Task description:
Repeat the listing that follows exactly. Pictures are not part of the copy.

Given information:
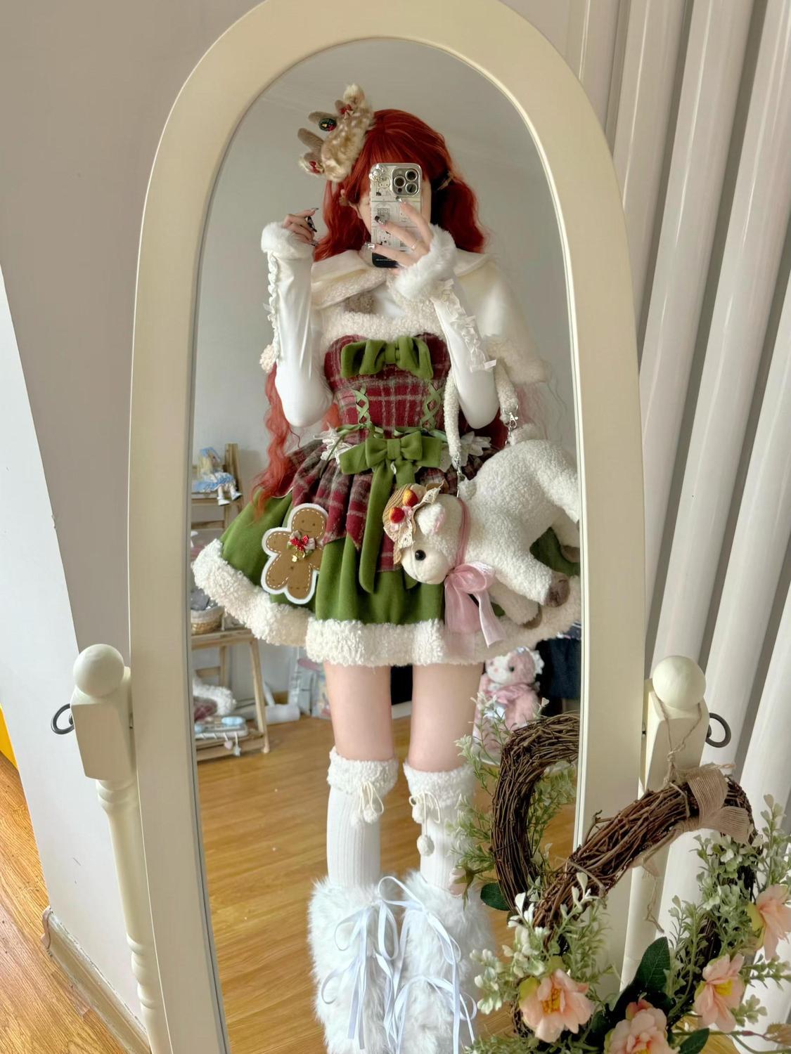サンタコスプレ 秋冬 スウィート クリスマス ドパミン かわいい 力仕事 ボトムス ポンチョ ジャケット ホルタードレス 三点セット韓国
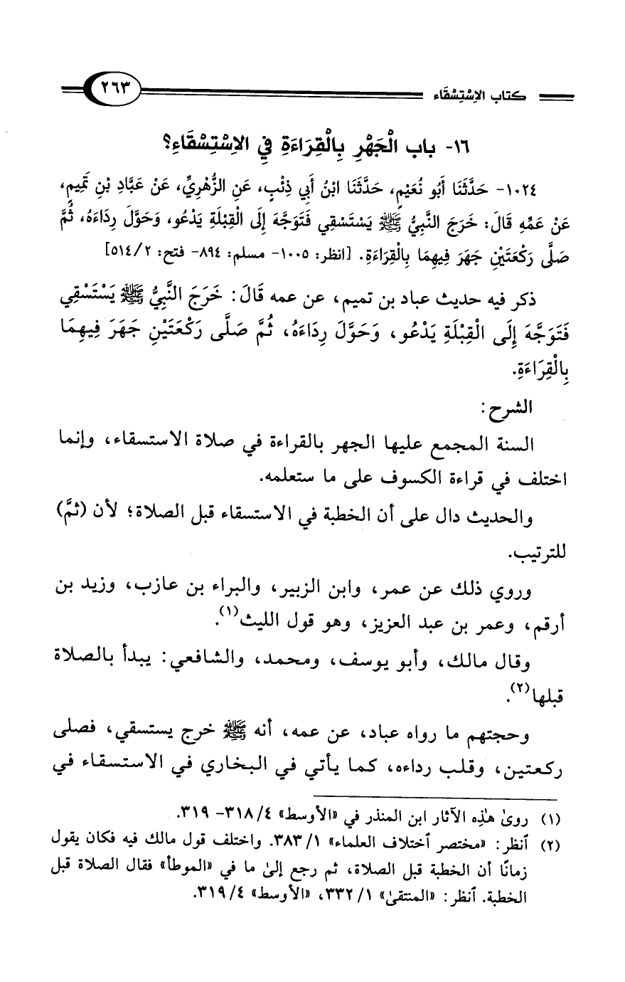 1024 - حَدَّثَنَا أَبُو نُعَيْمٍ، حَدَّثَنَا ابْنُ أَبِي ذِئْبٍ، عَنِ الزُّهْرِيِّ، عَنْ عَبَّادِ بْنِ تَمِيمٍ، عَنْ عَمِّهِ قَالَ: خَرَجَ النَّبِيُّ - صلى الله عليه وسلم - يَسْتَسْقِي فَتَوَجَّهَ إِلَى القِبْلَةِ يَدْعُو، وَحَوَّلَ رِدَاءَهُ، ثُمَّ صَلَّى رَكْعَتَيْنِ جَهَرَ فِيهِمَا بِالقِرَاءَةِ. [انظر: 1005 - مسلم: 894 - فتح: 2/ 514]
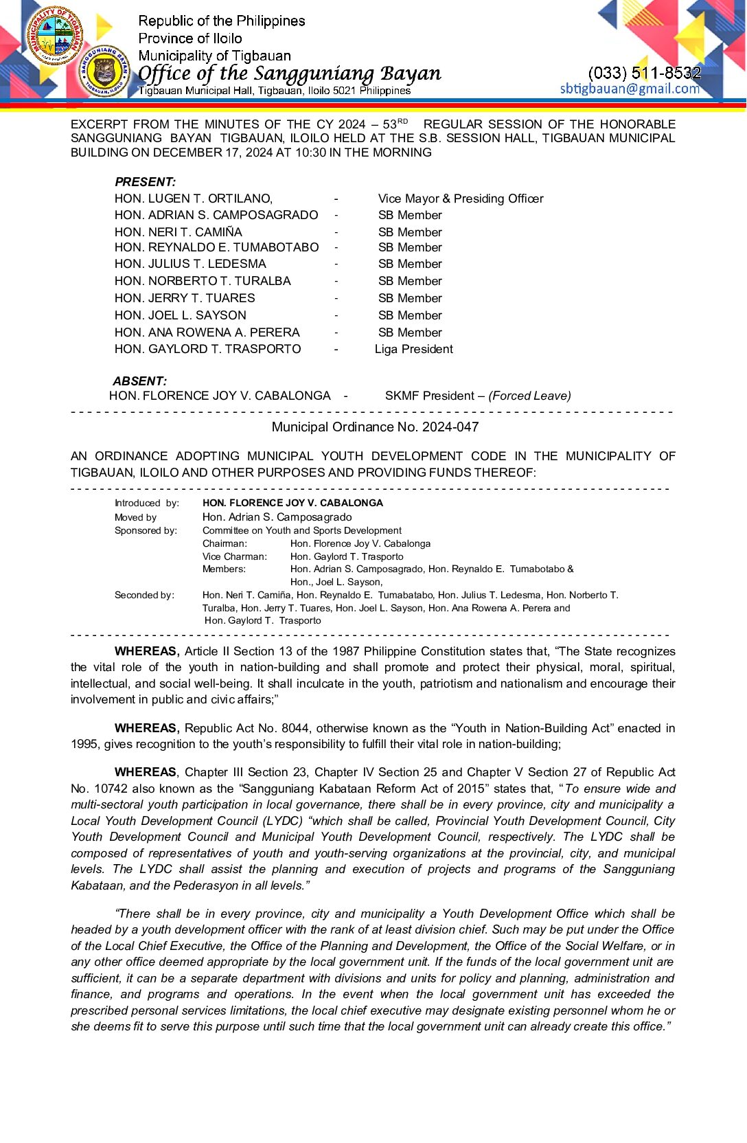 Municipal Ordinance No. 2024-047 – AN ORDINANCE ADOPTING MUNICIPAL YOUTH DEVELOPMENT CODE IN THE MUNICIPALITY OF TIGBAUAN, ILOILO AND OTHER PURPOSES AND PROVIDING FUNDS THEREOF:

Reply:
サンタコスプレ 秋冬 スウィート クリスマス ドパミン かわいい 力仕事 ボトムス ポンチョ ジャケット ホルタードレス 三点セット韓国
 1024 - حَدَّثَنَا أَبُو نُعَيْمٍ، حَدَّثَنَا ابْنُ أَبِي ذِئْبٍ، عَنِ الزُّهْرِيِّ، عَنْ عَبَّادِ بْنِ تَمِيمٍ، عَنْ عَمِّهِ قَالَ: خَرَجَ النَّبِيُّ - صلى الله عليه وسلم - يَسْتَسْقِي فَتَوَجَّهَ إِلَى القِبْلَةِ يَدْعُو، وَحَوَّلَ رِدَاءَهُ، ثُمَّ صَلَّى رَكْعَتَيْنِ جَهَرَ فِيهِمَا بِالقِرَاءَةِ. [انظر: 1005 - مسلم: 894 - فتح: 2/ 514]
 Municipal Ordinance No. 2024-047 – AN ORDINANCE ADOPTING MUNICIPAL YOUTH DEVELOPMENT CODE IN THE MUNICIPALITY OF TIGBAUAN, ILOILO AND OTHER PURPOSES AND PROVIDING FUNDS THEREOF:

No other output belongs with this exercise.